(RECORDS TO PROCESS)
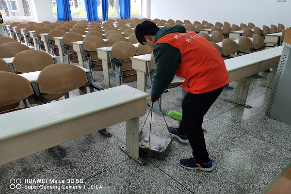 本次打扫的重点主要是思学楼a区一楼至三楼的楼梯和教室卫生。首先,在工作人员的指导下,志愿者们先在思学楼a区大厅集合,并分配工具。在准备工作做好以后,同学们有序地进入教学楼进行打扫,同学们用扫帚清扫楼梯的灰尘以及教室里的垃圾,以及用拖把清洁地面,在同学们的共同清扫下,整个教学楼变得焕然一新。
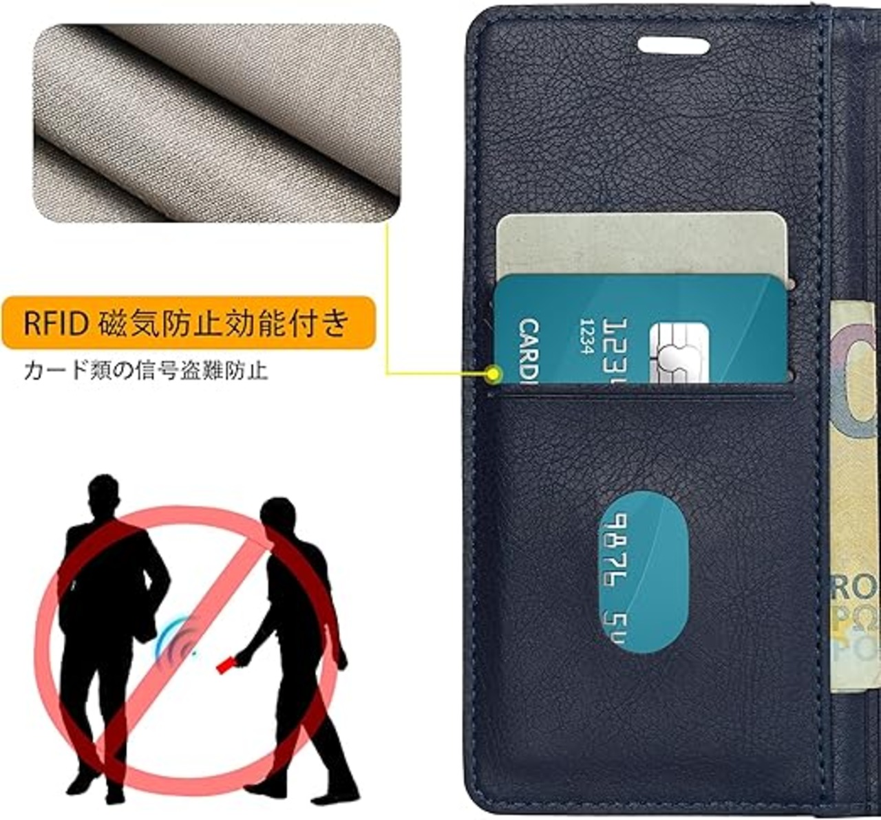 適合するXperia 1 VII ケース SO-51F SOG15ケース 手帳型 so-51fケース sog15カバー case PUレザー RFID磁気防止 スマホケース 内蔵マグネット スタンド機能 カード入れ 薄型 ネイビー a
(End RECORDS TO PROCESS)
(RECORDS TO PROCESS)
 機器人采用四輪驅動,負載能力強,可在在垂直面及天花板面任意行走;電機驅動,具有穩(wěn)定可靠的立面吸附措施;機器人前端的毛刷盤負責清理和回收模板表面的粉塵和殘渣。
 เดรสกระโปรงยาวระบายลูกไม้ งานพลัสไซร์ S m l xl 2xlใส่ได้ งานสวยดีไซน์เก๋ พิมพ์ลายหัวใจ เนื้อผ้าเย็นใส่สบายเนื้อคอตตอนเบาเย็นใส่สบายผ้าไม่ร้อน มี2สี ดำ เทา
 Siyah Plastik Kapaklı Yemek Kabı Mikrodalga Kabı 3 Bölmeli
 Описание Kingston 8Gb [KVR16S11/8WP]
(End RECORDS TO PROCESS)
§ WHAT IS EXPECTED
Only one part of the material above is wanted: the lines from the one with "本次打扫的重点主要是思学楼a" up to and including the one with "適合するXperia 1 VII". Please copy them exactly, pictures left out.

§ SOLUTION TO THIS EXERCISE
 本次打扫的重点主要是思学楼a区一楼至三楼的楼梯和教室卫生。首先,在工作人员的指导下,志愿者们先在思学楼a区大厅集合,并分配工具。在准备工作做好以后,同学们有序地进入教学楼进行打扫,同学们用扫帚清扫楼梯的灰尘以及教室里的垃圾,以及用拖把清洁地面,在同学们的共同清扫下,整个教学楼变得焕然一新。
 適合するXperia 1 VII ケース SO-51F SOG15ケース 手帳型 so-51fケース sog15カバー case PUレザー RFID磁気防止 スマホケース 内蔵マグネット スタンド機能 カード入れ 薄型 ネイビー a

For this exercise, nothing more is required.